The rapid rise of Large Language Models (LLMs) has raised a major question for our community: is AI about to replace human competitive programmers, or is it simply becoming another tool? This talk cuts through the hype by examining the real algorithmic abilities of state-of-the-art AI through three recent milestones, tracing its role from contestant, to problem setter, to heuristic optimizer.
First, we examine AI as a competitor through LiveCodeBench Pro (NeurIPS 2025). To avoid contamination from past online archives, we evaluate models in real time on fresh Codeforces, ICPC, and IOI problems before solutions are published. The results show a clear divide: models do well on knowledge-heavy implementation tasks, but struggle on ad-hoc, constructive, and observation-heavy problems. We discuss why AI still misses the creative "aha" moments that human experts often find naturally.
Next, we turn to AI as a problem setter with AutoCode (ICLR 2026). Writing strong statements, validators, and edge-case generators is one of the hardest parts of contest design. We present an automated system in which LLMs generate robust test suites that catch tricky "cheese" or hack solutions. More surprisingly, the system can also create novel contest-grade problems that the AI itself still cannot solve to Accepted.
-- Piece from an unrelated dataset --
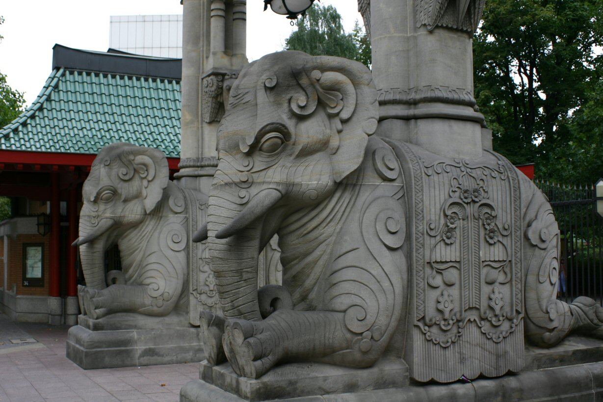 Elephant Gate of the Berlin Zoo

Finally, we explore AI as a heuristic optimizer through FrontierCS (under review, ICML 2026). Unlike standard competitive programming, which relies on binary AC/WA verdicts, heuristic contests use continuous scores on open-ended optimization tasks. FrontierCS extends this setting to NP-hard problems and evaluates how well models improve solutions when the true optimum is unknown. We show how these challenges naturally connect competitive programming to real-world computer science research.